As a regular employee, you may find it tough to shift earnings from one year to the next. But there’s plenty you can do to manage the tax bill generated by your investments. The rest of this chapter is devoted to the three strategies you ought to focus on.
First, make the most of the tax-sheltered retirement accounts available to you. That will mean not only stashing as much money as possible in these accounts, but also carefully weighing whether to fund traditional or Roth retirement accounts.
Second, ponder which investments to hold in your retirement accounts and which in your regular taxable account. In all likelihood, you’ll want to use your retirement accounts to hold investments that would otherwise generate big annual tax bills, while keeping more tax-efficient investments in your taxable account.

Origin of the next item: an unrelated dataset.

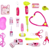 Stethoskop mit blinkendem Herz, Thermometer und Blutdruckmessgerät mit beleuchteten Werten, Otoskop, Spritze, Schere, Hammer und weiteres Zubehör.

Third, seize the opportunity offered by years when your income is relatively low. Those low-income years may allow you to generate additional taxable income, while still paying taxes at a relatively low rate. To that end, you might sell stocks with large unrealized capital gains that you no longer want to hold or perhaps convert part of your traditional IRA to a Roth IRA.
Our Humble Opinion: Investors spend hours picking investments, while paying scant attention to taxes and investment costs. But the fact is, when you buy an investment, you never know whether you have yourself a winner. By contrast, managing your tax bill and holding down investment costs are two surefire ways to improve your portfolio’s performance.